The accurate and fast simulation of CO₂ and n-alkane phase equilibria is crucial for guiding their industrial applications. We used Wang–Landau Transition-Matrix Monte Carlo (WL-TMMC) with the Free Energy and Advanced Sampling Simulation Toolkit (FEASST) software to compute the vapor–liquid equilibrium (VLE) of CO₂-methane and CO₂-hexane systems in both bulk and confined spaces. The bulk-phase simulation results were compared with literature data and constant volume Gibbs Ensemble (NVT-GEMC) results, with relative errors less than 6%. For confined systems, the results were compared with gauge cell grand-canonical Monte Carlo (gauge-GCMC) and pore–pore GEMC, with relative errors less than 8%. Notably, the WL-TMMC exhibits significant advantages in computing VLE for confined spaces.

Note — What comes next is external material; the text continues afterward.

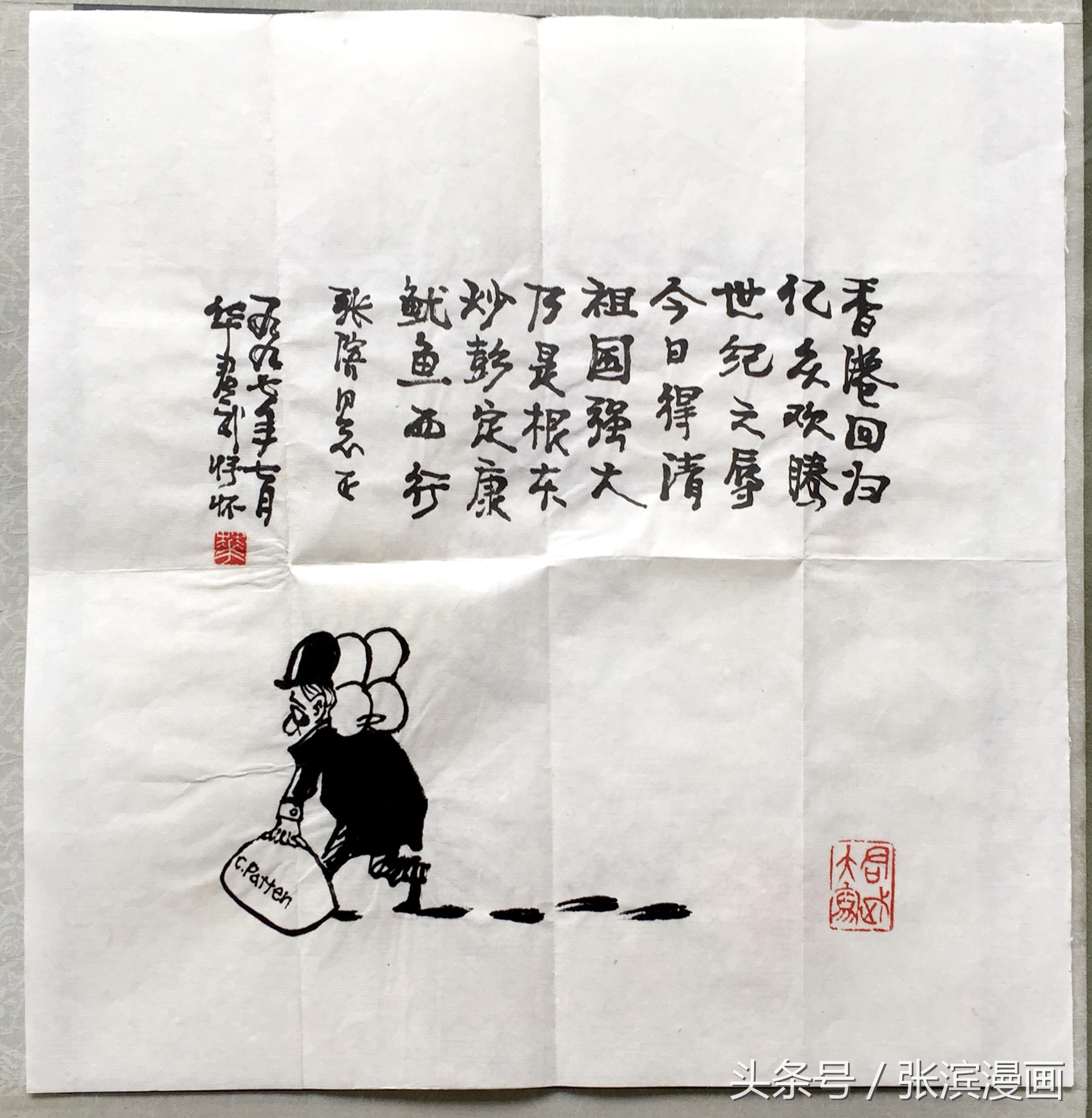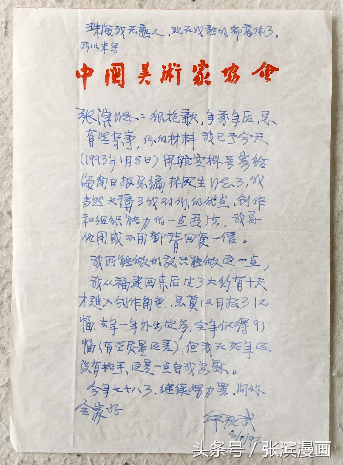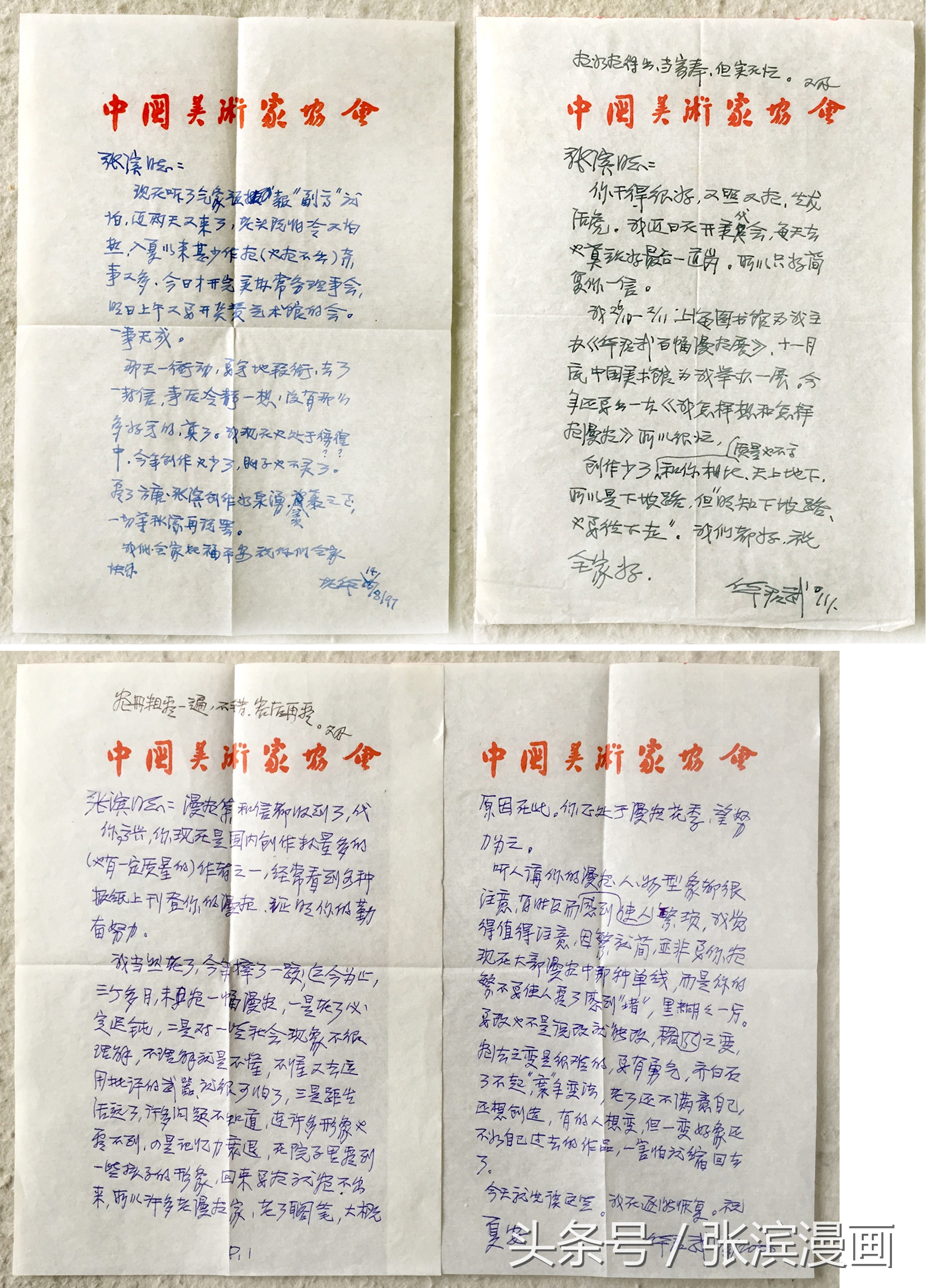 在那封信里,华老还写到:“我看你画的不少,当然你年轻应该画得多,印象最好的一幅,好像在《中国日报》上,画了一张又似飞机又似鸟的那幅。其余的也看得出在认真画,也已形成张滨风格。……你在创作上切忌自满,不断求进(思想、艺术)。……你年纪要一年年长大,涉世深了,也会悟出点道理,还可入画,但有些悲哀的,消极的就不要入画,以免去影响世人,总还是要做一个积极的革命乐观主义者好。……如转业,去何处?盼早告,也许我可当参谋。”那时我曾表示过很想到地方工作,专职从事漫画创作和编辑。

It requires only a single simulation to determine a pair of VLE points without being constrained by prespecified chemical potentials or pore geometry. Furthermore, the method provides free energy information for different fluid states, enabling the construction of a complete van der Waals loop from a single simulation. In conclusion, we demonstrate that WL-TMMC in FEASST is a robust and reliable tool for studying CO₂-n-alkane VLE.